━━ Supplied material
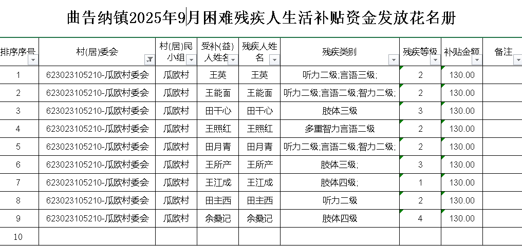 曲告纳镇瓜欧村2025年9月困难残疾人生活补贴资金发放花名册
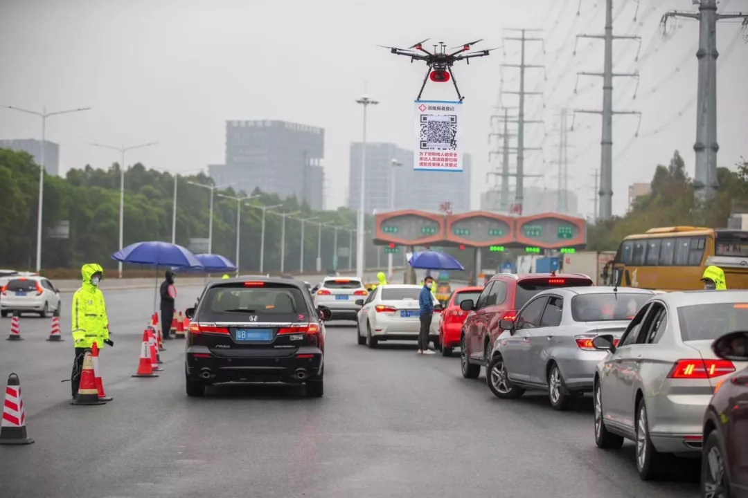 隨著返深車輛和人員的增加,深圳從8日開始啟用線上車輛申報登記。為提高申報效率,搭載喊話器、懸掛申報二維碼的無人機成為防疫一線工作人員的得力助手。民警操作無人機在車輛隊伍中穿梭,并通過喊話器提醒駕乘人員掃碼登記,減少人員接觸的同時提高了效率。
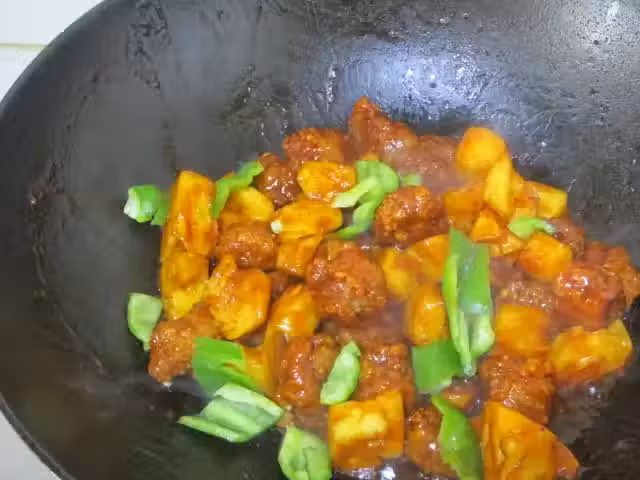 最後把肉和菠蘿回鍋翻炒至汁水收干倒入清炒翻炒均勻後熄火出鍋
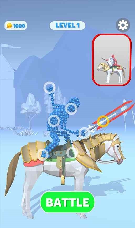 骑士装备战是一款很有趣的骑士战斗游戏,以一对一的战斗为主,各自骑上自己的马,带上你的武器在此战斗,游戏的画面虽然简约,但是战斗的时候会有一些特效处理,还有各种刀剑碰撞的声音效果,会让玩家更加沉浸哦,势均力敌的战斗也是非常刺激的。
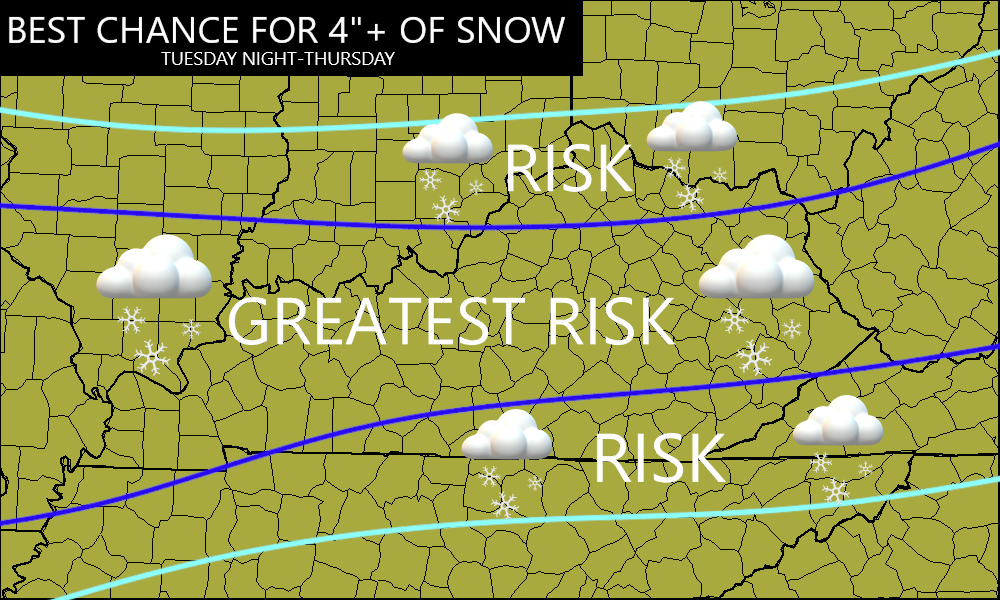 My overall thoughts have not changed with much of Kentucky likely receiving 4″ or more of snow…
━━━━
- _Directions_
There should be an exact restatement of the lines from the line with "隨著返深車輛和人員的增加,深" through the last line of the entries above, and no pictures in it.

- _Answer to the exercise_
 隨著返深車輛和人員的增加,深圳從8日開始啟用線上車輛申報登記。為提高申報效率,搭載喊話器、懸掛申報二維碼的無人機成為防疫一線工作人員的得力助手。民警操作無人機在車輛隊伍中穿梭,并通過喊話器提醒駕乘人員掃碼登記,減少人員接觸的同時提高了效率。
 最後把肉和菠蘿回鍋翻炒至汁水收干倒入清炒翻炒均勻後熄火出鍋
 骑士装备战是一款很有趣的骑士战斗游戏,以一对一的战斗为主,各自骑上自己的马,带上你的武器在此战斗,游戏的画面虽然简约,但是战斗的时候会有一些特效处理,还有各种刀剑碰撞的声音效果,会让玩家更加沉浸哦,势均力敌的战斗也是非常刺激的。
 My overall thoughts have not changed with much of Kentucky likely receiving 4″ or more of snow…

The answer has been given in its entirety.